German physicists at the Max Planck Institute for Plasma Physics (IPP) in Greifswald were able to reach a milestone in nuclear fusion energy: producing highly heated helium plasma inside a vessel.

Nuclear fusion involves combining atoms to create energy. Such concept is similar to that of the Sun's heat-generating process. The idea, once completely developed, is said to provide limitless, clean and cheap source of energy.

After nine years of investigations, not to mention the millions of money spent on experiments, the researchers were finally able to achieve a vital point in the analytic process, which is the production of heat to fuse nuclei together.

The main idea is to subject atoms to very high temperatures of more than 100 million degrees as this is the way for nuclei to combine.

The integration of the nuclei will happen in a special vacuum vessel where atoms in a hot plasma are kept floating in place by superconducting magnets. The atoms are held steady together so as to prevent it from getting in contact with the chamber's cold sides.

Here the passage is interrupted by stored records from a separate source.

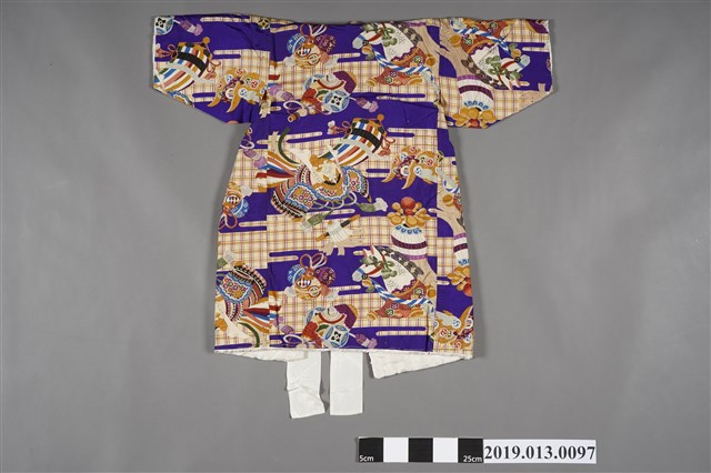 本文物為顏色豐富之和服,上畫有花瓶、扇子等圖樣,且色彩繽紛。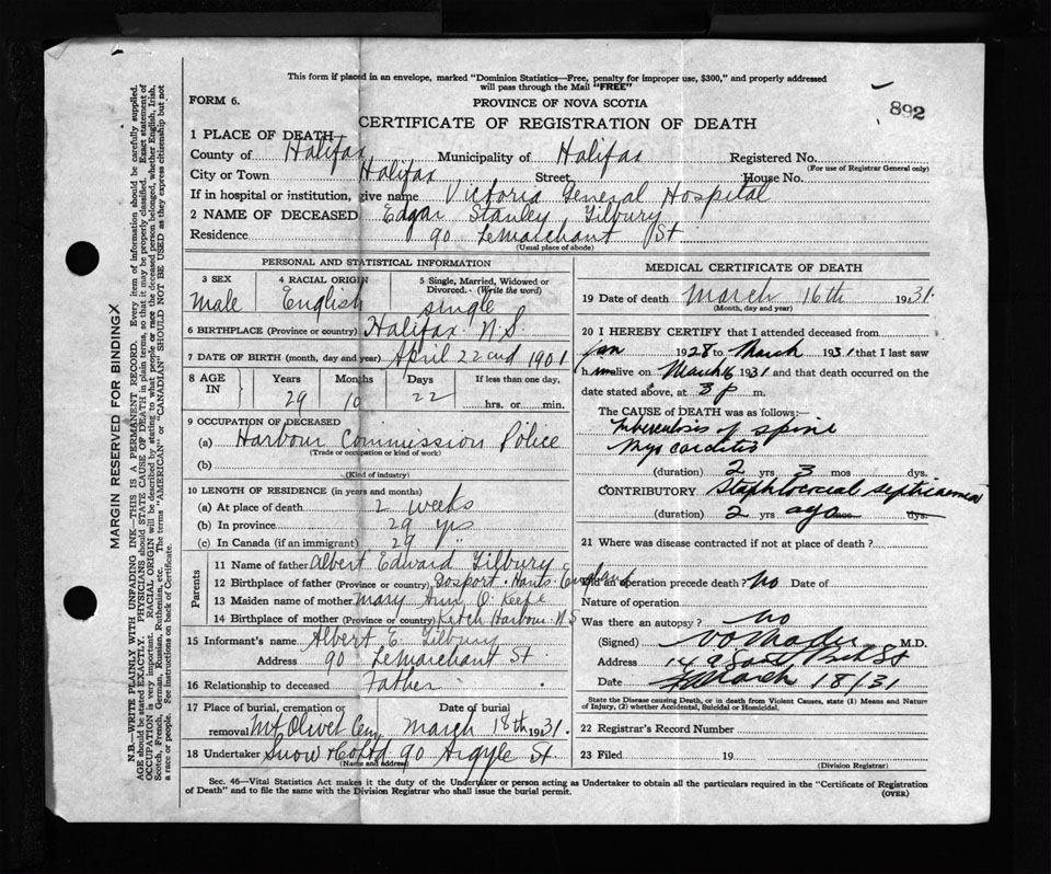 Male Death Registration: Year: 1931 file: 135 number: 892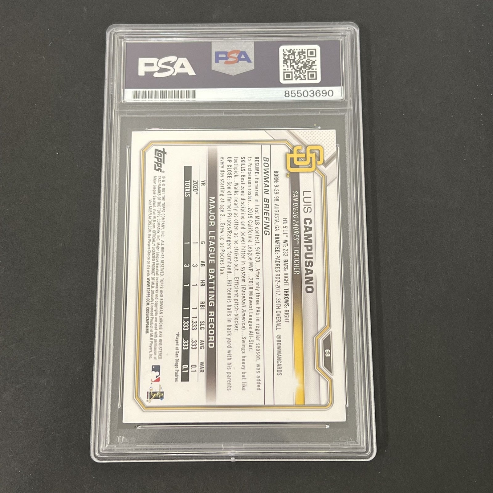 2021 Bowman Baseball #68 Luis Campusano Rookie signed card PSA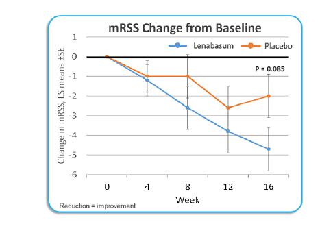 The modified Rodnan Skin Score (mRSS), the primary outcome for the Phase 3 study of lenabasum in SSc, improved by a mean (SD) of -8.4 in the 32 subjects who had completed 28 weeks open-label dosing at the time of data analyses, compared to baseline at the start of the Phase 2 double-blind placebo-controlled portion of the study. 75% of 36 subjects who received open-label dosing with lenabasum achieved a degree of improvement in mRSS (reduction ≥ 5 points and > 25% baseline) from the study start that has been previously associated with improved survival in SSc. A third of subjects reached a mRSS ≤ 10 points and 22% achieved a mRSS score <5 points.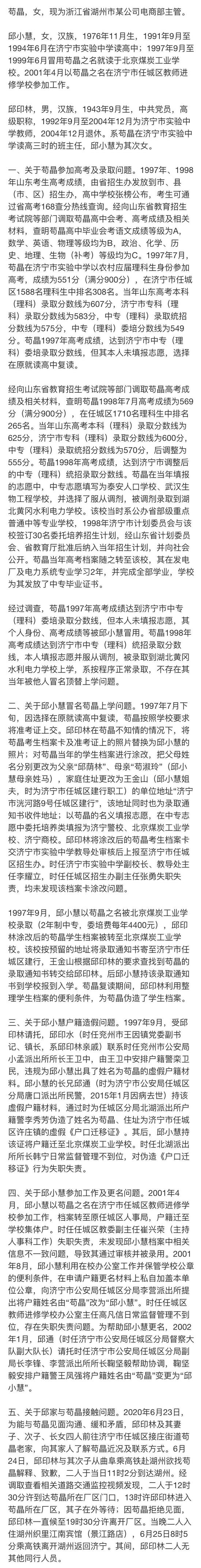 按调查组说法,1997年苟晶高考过了山东济宁市中专(理科)委培录取分数线,但最后没有填报志愿,选择了复读。班主任邱印林的女儿邱小慧利用苟晶放弃了的名额,以苟晶的名字去北京上了大学,也就是北京煤炭工业学校。

"We're very satisfied," said Hans-Stephan Bosch, one of the scientists. "Everything went according to plan."

The device used to perform the experiment is called Wendelstein 7-X, which is the biggest fusion machine designed in stellarator line of magnetic restriction fusion objects. In the said experiment, the researchers wanted to find out if helium atoms may be heated using a microwave laser and if the plasma can be confined inside the chamber.

Another magnetic confinement device used in nuclear fusion experiments is the tokamak, which is the only machine recognized to produce plasma that can supply energy.

Both the tokamak and stellarator are looking at enhancing the energy released from hydrogen isotope fusion so as to provide safe and efficient electrical power.

Although Wendelstein 7-X is not able to generate energy, it is said to live up to tokamak's ability of maintaining plasma balance and confinement thus, making it a viable power plant as well. Aside from that, stellarators also have the capacity to operate persistently with its 30-minute-duration discharges - something that tokamaks cannot do.